Under ESMA’s lower leverage levels, already implemented by Capital.com, client win-loss levels significantly improved and reduced the rate of margin calls.
Following the announcement by the European Securities and Markets Authorities (ESMA) that leverage rates offered by CFD trading providers must be significantly reduced by 1 Aug 2018, leading CFD trading provider Capital.com reduced its default rates across commodities, currencies, cryptocurrencies, equities and indices from 1 June 2018. This has enabled the first analysis of the impact of lower leverage rates on client behaviour and trading performance, which has clearly indicated a significant improvement in client outcomes.
The overwhelming majority of users who registered for Capital.com’s trading platform in June chose the ESMA-mandated lower leverage limits. Comparing their performance against published industry performance levels and historic client performance reveals that users who traded using the lower leverage limits traded more successfully and were significantly less likely to face a margin call. The proportion of users facing a margin call within first 15 days of trading fell from approximately 30% in the months before Capital.com introduced the ESMA limits, to just 5% in June. The size of the average loss fell by over 80%.
Ivan Gowan, CEO at Capital.com, commented on the analysis: “It is immensely encouraging to see traders responding well to the lower leverage limits agreed by ESMA, reducing their risk and trading more successfully. There is a balance to be struck here, to allow traders to benefit from appropriate leverage without eliminating the enjoyment and potential of CFD trading, but our analysis suggests that ESMA’s theoretically-devised levels are broadly correct in practice.
“Far from harming the industry as many predicted, lower levels of leverage for new traders will ensure a more sustainable CFD market, as more successful traders engage with their chosen platform for a longer period of time. CFD providers that struggle to operate in this enhanced regulatory environment are encouraging traders to take unsustainably high risk, and if they cannot survive in a market that works better for the consumer, then the market is better off without them.
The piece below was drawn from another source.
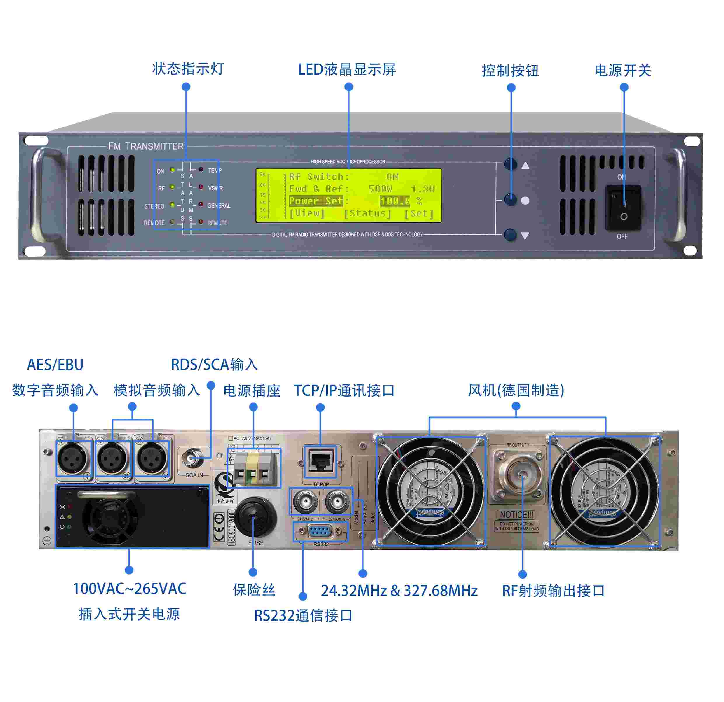 ??? 采用最新DSP+DDS全數(shù)字化技術(shù)的立體聲調(diào)頻激勵(lì)器,整機(jī)的各項(xiàng)技術(shù)指標(biāo)無與倫比,達(dá)到接近CD音質(zhì)聽覺效果。采用大尺寸散熱器和2只德國原裝高速、長壽命風(fēng)扇、確保發(fā)射機(jī)工作在可靠的低溫狀態(tài)。采用臺(tái)灣原裝明緯寬范圍開關(guān)電源。高可靠性、高性能、操作簡便、價(jià)格低廉。

We believe that more experienced and more sophisticated traders should be able to make informed choices about leverage levels, but novices can now trade with greater confidence following the implementation of these measures. Although we have taken a lead, from 1 Aug 2018, all regulated trading platforms must mandate these leverage levels, and this will improve client success rates and satisfaction across the industry.”
Ivan concludes: “While these measures are a great starting point for retail investors, truly responsible CFD trading providers should be focusing on educating and informing their customers, to help them further improve their trading skills. This should include giving them insights on the markets they are actually interested in, rather than blinding them with random commentary. We want our users to enjoy trading CFDs over the long term, and we believe that the best way to ensure this is by delivering a great user experience and by helping them to trade successfully.”